Venture capital has poured over half a trillion dollars into the artificial intelligence sector in the last five years. However, a latest report suggests the smartest AI investment today might not be in AI technology itself, but in the energy infrastructure needed to power it. Growing concerns about power constraints and delays in data center projects are shifting investor focus toward energy solutions, from grid-scale batteries to innovative power conversion technologies.

The Data Center Bottleneck

Sightline Climate researchers estimate that 30–50% of announced data center capacity may be delayed in 2026, with access to power being a primary obstacle. Sightline Climate is currently tracking 190 gigawatts (GW) across 777 large data centers and AI factories announced since 2024. Despite plans for at least 16 GW of capacity to come online in 2026, only 5 GW is currently under construction, and approximately 11 GW remains in the announced stage with no visible construction progress.

Projected delivery dates are proving unreliable. In 2025, 26% of expected capacity was delayed, and another 10% of projects pushed back their commercial operation dates. Given this track record, significant delays are anticipated for 2026 as well.

Hyperscalers Seek Independent Power Sources

The power supply squeeze is prompting hyperscalers to seek alternatives to relying solely on the traditional power grid. While grid-connected power remains the most common model, an increasing number of projects are incorporating on-site power sources or hybrid approaches. New Era Energy & Digital’s 7 GW project in New Mexico, for example, is large enough to justify its own dedicated power generation.

This shift is driven by shortages of power generation equipment, such as gas turbines, and the limitations of an aging grid infrastructure.

Investment Shifts Towards Energy Solutions

Tech giants like Google and Meta are already investing heavily in renewable energy projects, including solar, wind, and nuclear, to power their operations. They are also supporting emerging technologies like Form Energy’s 100-hour battery through direct investments and collaborations with utilities.

Numerous startups are developing technologies to address the power challenge. Companies like Amperesand, DG Matrix, and Heron Power are focused on new power conversion technologies, while Camus, GridBeyond, and Texture are building software to optimize power flow management.

The Rise of Grid-Scale Batteries

Grid-scale batteries are poised for significant growth. The U.S. Energy Information Administration projects that the U.S. Will have nearly 65 GW of battery storage capacity by the end of 2026. Form Energy, for instance, is raising a $500 million round in anticipation of an initial public offering (IPO).

Underrated Tech: The Transformer

Beyond batteries, the humble transformer – a technology over 140 years old – is receiving renewed attention.

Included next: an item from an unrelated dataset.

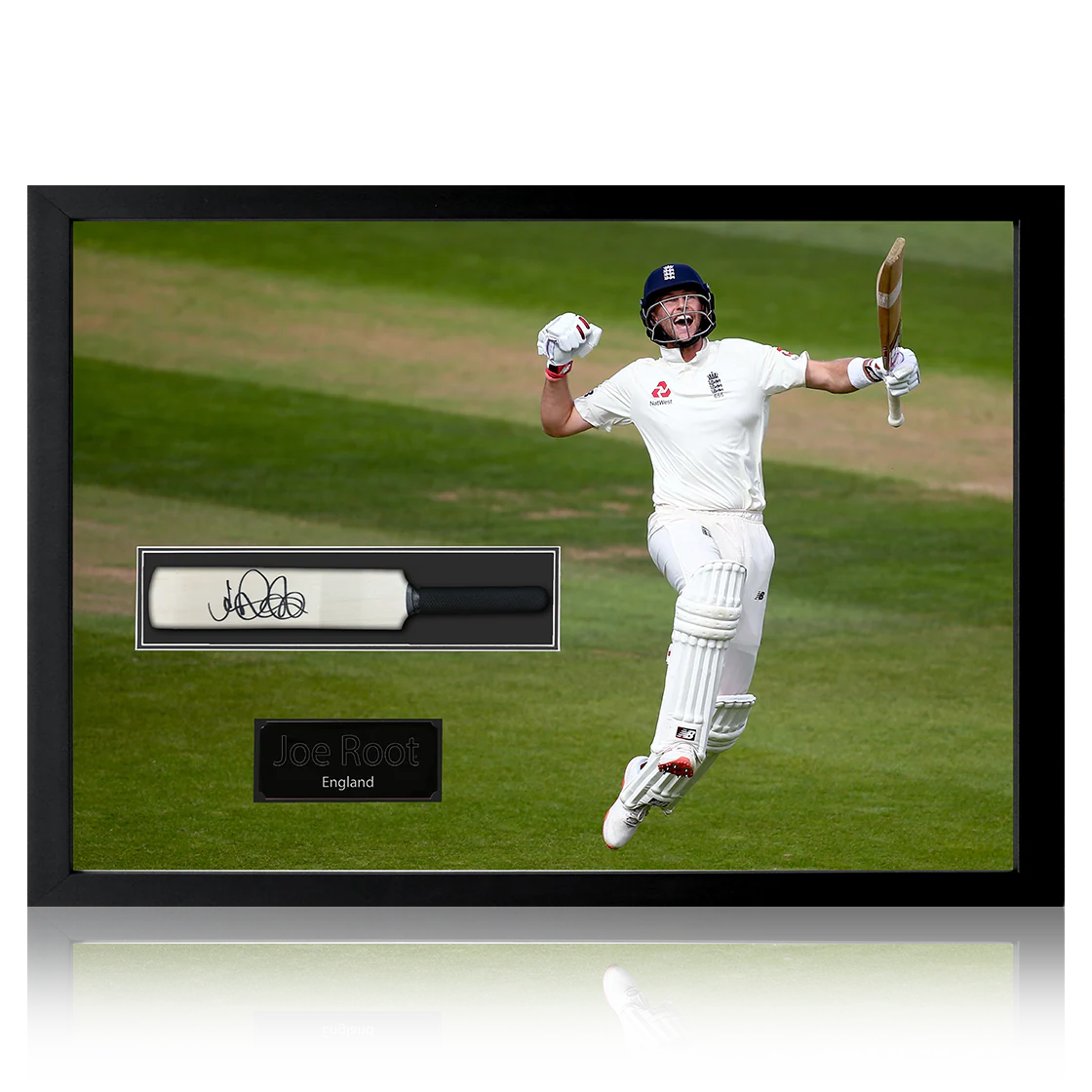Framed mini cricket bat display with a custom engraved plaque. Contains a mini bat signed by England cricket legend, Joe Root. This would make a great addition to any cricket collection. This item measures approximately 690mm x 480mm. Signed as part of a private signing with The Fan Cave on 15th September 2025!

Traditional transformers, built with iron and copper, are becoming too bulky for the increasing power demands of data centers. Investors are backing startups developing solid-state transformers, which use silicon-based power electronics to offer greater flexibility and potentially lower costs despite a higher initial price.

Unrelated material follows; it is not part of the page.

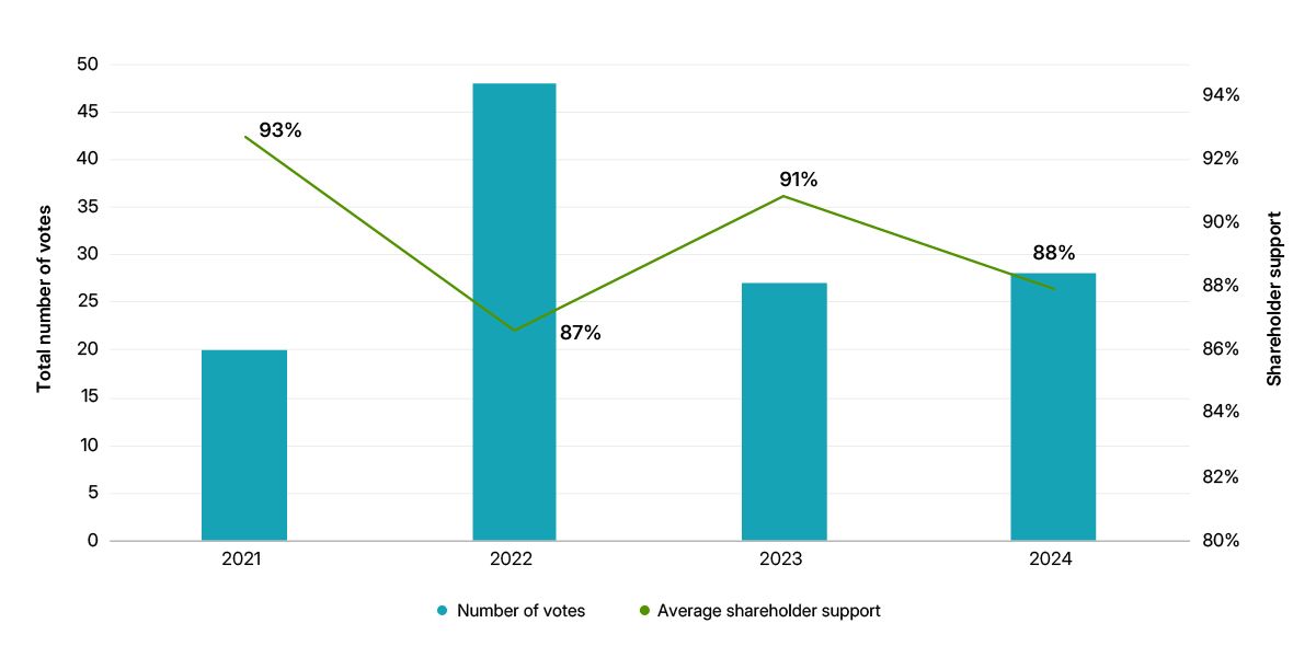 Average shareholder support declined in 2024 vs. 2023

A Hedge Against an AI Bust?

While investments in battery and transformer companies are currently smaller than those in AI, they offer a potentially more stable investment opportunity. As electrification expands across various sectors, the demand for power will only increase, providing a hedge against a potential downturn in the AI market. The necessitate for reliable and scalable power infrastructure may ultimately prove to be a more secure investment than the AI boom itself.